We can be 95% confident that between 62.5% and 71.5% of all Pennsylvanians blame rising insurance rates on large court settlements against doctors.

Minitab®

Using Minitab

As is always the case, you will probably want to calculate your confidence intervals for proportions using statistical software, such as Minitab, rather than doing it by way of formula and calculator. It's easy enough to calculate the (approximate) confidence interval for \(p\) using Minitab:

  1. Under the Stat menu, select Basic Statistics, and then 1 Proportion...:

    minitab

  2. In the pop-up window that appears, select Summarized data, and enter the Number of events of interest that occurred, as well as the Number of trials (that is, the sample size n):

    minitab

  3. Click on the Options... button. If you want a confidence level that differs from the default 95.0 level, specify the desired level in the box labeled Confidence level. Click on the box labeled Use test and interval based on normal distribution. Select OK.

    minitab

  4. Select OK again on the primary pop-up window. The output should appear in the Session window:

Test and CI for One Proportion
Sample X N Sample p 95% CI
1 280 418 0.669856 (0.624775,  0.714938)

Using the normal approximation.

Notes

  1. Step 1

    Our calculated margin of error is 4.5%:

    \(0.67\pm \mathbf{0.045}\)

    But, if you go back and take a look at the original article ("Poll shows increasing concern, little impact with malpractice crisis"), the newspaper's reported margin of error is 4.8%. What happened here? Why the difference? One possibility is that the newspaper was taking advantage of what is known about the maximum value of:

    \(\hat{p}(1-\hat{p})\)

    That is, the maximum value can be shown to be \(\frac{1}{4}\), as demonstrated here:

    If we graph the function \(\hat{p}(1-\hat{p})\), it looks (roughly) like this:

    ?01½

    We need to find the peak value, that is, the value marked by the red question mark (?). We can do that, of course, by taking the derivative of the function with respect to \(\hat{p}\), setting to 0, and solving for \(\hat{p}\). Taking the derivative and setting to 0, we get:

    \(\dfrac{d(\hat{p}-\hat{p}^2)}{d\hat{p}}=1-2\hat{p}\equiv 0\)
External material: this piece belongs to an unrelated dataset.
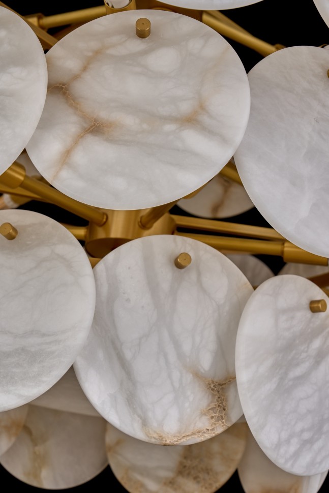 Плафоны выполнены из натурального испанского алебастра, а корпус – из латуни. Сочетание этих материалов делает светильники прочными и долговечными.

    And, solving for \(\hat{p}\), we get:

    \(\hat{p}=\dfrac{1}{2}\)

    Well, that's encouraging... the point at which we've determined that the maximum occurs at least agrees with our graph! Now, what is the value of the function \(\hat{p}(1-\hat{p})\) when \(\hat{p}=\dfrac{1}{2}\)? Well, it is:

    \(\hat{p}-\hat{p}^2=\dfrac{1}{2}-\left(\dfrac{1}{2}\right)^2=\dfrac{1}{2}-\dfrac{1}{4}=\dfrac{1}{4}\)

    as was claimed.

    Because the maximum value of \(\hat{p}(1-\hat{p})\) can be shown to be \(\frac{1}{4}\), the largest the margin of error can be for a 95% confidence interval based on a sample size of \(n=418\) is:

    \(1.96\sqrt{\dfrac{\frac{1}{2}(1-\frac{1}{2})}{418}} \approx 2\sqrt{\dfrac{1}{4}} \sqrt{\dfrac{1}{418}}=0.0489\)

    Aha! First, that 95% margin of error looks eerily similar to the margin of error claimed by the newspaper. And second, that margin of error makes it look as if we can generalize a bit. Did you notice how we've reduced the 95% margin of error to an (approximate) function of the sample size \(n\)? In general, a 95% margin of error can be approximated by:

    \(\dfrac{1}{\sqrt{n}}\)

    Here's what that approximate 95% margin of error would like for various sample sizes \(n\):

  2. \(n\) 25 64 100 900 1600
    95% ME 0.20 0.125 0.10 0.033 0.025

     

    By the way, it is of course entirely possible that the reported margin of error was not determined using the approximate 95% margin of error, as suggested above. It is feasible that the study's authors instead used a higher confidence level, or alternatively calculated the confidence interval using exact methods rather than the normal approximation.
  3. Step 2

    The approximate confidence interval for \(p\) that we derived above works well if the following two conditions hold simultaneously:

    • \(np=\text{ the number of expected successes }\ge 5\)
    • \(n(1-p)=\text{ the number of expected failures }\ge 5\)

5.2 - Two Proportions

5.2 - Two Proportions

Example 5-2

Let's start our exploration of finding a confidence interval for the difference in two proportions by way of an example.

What is the prevalence of anemia in developing countries?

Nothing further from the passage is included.